About this task:
Would you restate the full listing word for word and omit its pictures?

Input data:
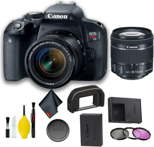 Packing a versatile feature-set in a sleek and portable body, the EOS Rebel T7i DSLR from Canon offers advanced imaging capabilities along with a convenient range of controls and connectivity. Utilizing a 24.2MP APS-C CMOS sensor and DIGIC 7 image processor, the Rebel T7i is able to capture high-resolution stills and video with an expanded sensitivity range of ISO 100-51200 to suit working in a wide variety of lighting conditions. The sensor and processor combination also avails 6 fps continuous shooting for working with moving subjects. Benefitting the imaging attributes, the sensor's design also facilitates Dual Pixel CMOS AF, which uses phase-detection autofocus for quick, accurate, and smooth focusing performance when recording movies or shooting stills in live view. When shooting stills using the optical viewfinder, a 45-point all cross-type phase-detection system is used for quick and accurate focusing in a variety of shooting scenarios.
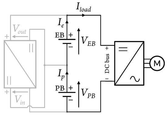 The schematic diagram of the series architecture is shown in Figure 4. In this solution, the power is “naturally” distributed between the batteries via the distribution of their voltages, with their sum being equal to the DC bus voltage and their current being the same without the action of the converter. The power supplied to the EV is equal to the sum of the power supplied by the batteries. The battery with the highest voltage corresponds to the one supporting the highest power. Therefore, the DC-DC converter job is to balance the batteries SOCs while preserving their current limits.
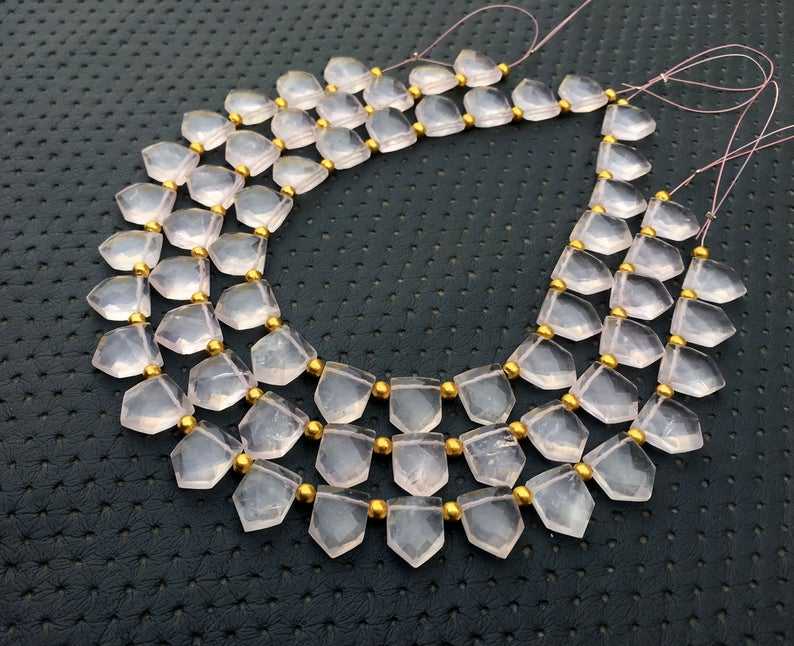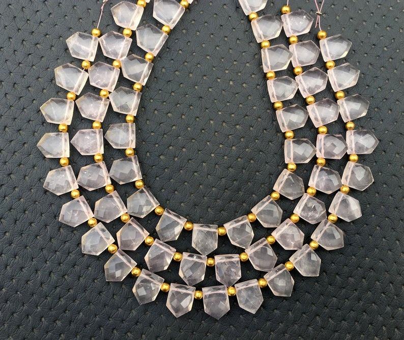 ลูกปัด Briolette 21ชิ้นลูกปัดพลอยควอตซ์ทรงเหลี่ยมเพชรพลอยธรรมชาติ1เส้น
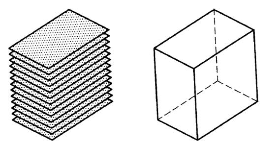 O prisma é um sólido geométrico limitado por polígonos. Você pode imaginá-lo como uma pilha de polígonos iguais muito próximos uns dos outros, como mostra a ilustração:

Answer space:
 Packing a versatile feature-set in a sleek and portable body, the EOS Rebel T7i DSLR from Canon offers advanced imaging capabilities along with a convenient range of controls and connectivity. Utilizing a 24.2MP APS-C CMOS sensor and DIGIC 7 image processor, the Rebel T7i is able to capture high-resolution stills and video with an expanded sensitivity range of ISO 100-51200 to suit working in a wide variety of lighting conditions. The sensor and processor combination also avails 6 fps continuous shooting for working with moving subjects. Benefitting the imaging attributes, the sensor's design also facilitates Dual Pixel CMOS AF, which uses phase-detection autofocus for quick, accurate, and smooth focusing performance when recording movies or shooting stills in live view. When shooting stills using the optical viewfinder, a 45-point all cross-type phase-detection system is used for quick and accurate focusing in a variety of shooting scenarios.
 The schematic diagram of the series architecture is shown in Figure 4. In this solution, the power is “naturally” distributed between the batteries via the distribution of their voltages, with their sum being equal to the DC bus voltage and their current being the same without the action of the converter. The power supplied to the EV is equal to the sum of the power supplied by the batteries. The battery with the highest voltage corresponds to the one supporting the highest power. Therefore, the DC-DC converter job is to balance the batteries SOCs while preserving their current limits.
 ลูกปัด Briolette 21ชิ้นลูกปัดพลอยควอตซ์ทรงเหลี่ยมเพชรพลอยธรรมชาติ1เส้น
 O prisma é um sólido geométrico limitado por polígonos. Você pode imaginá-lo como uma pilha de polígonos iguais muito próximos uns dos outros, como mostra a ilustração:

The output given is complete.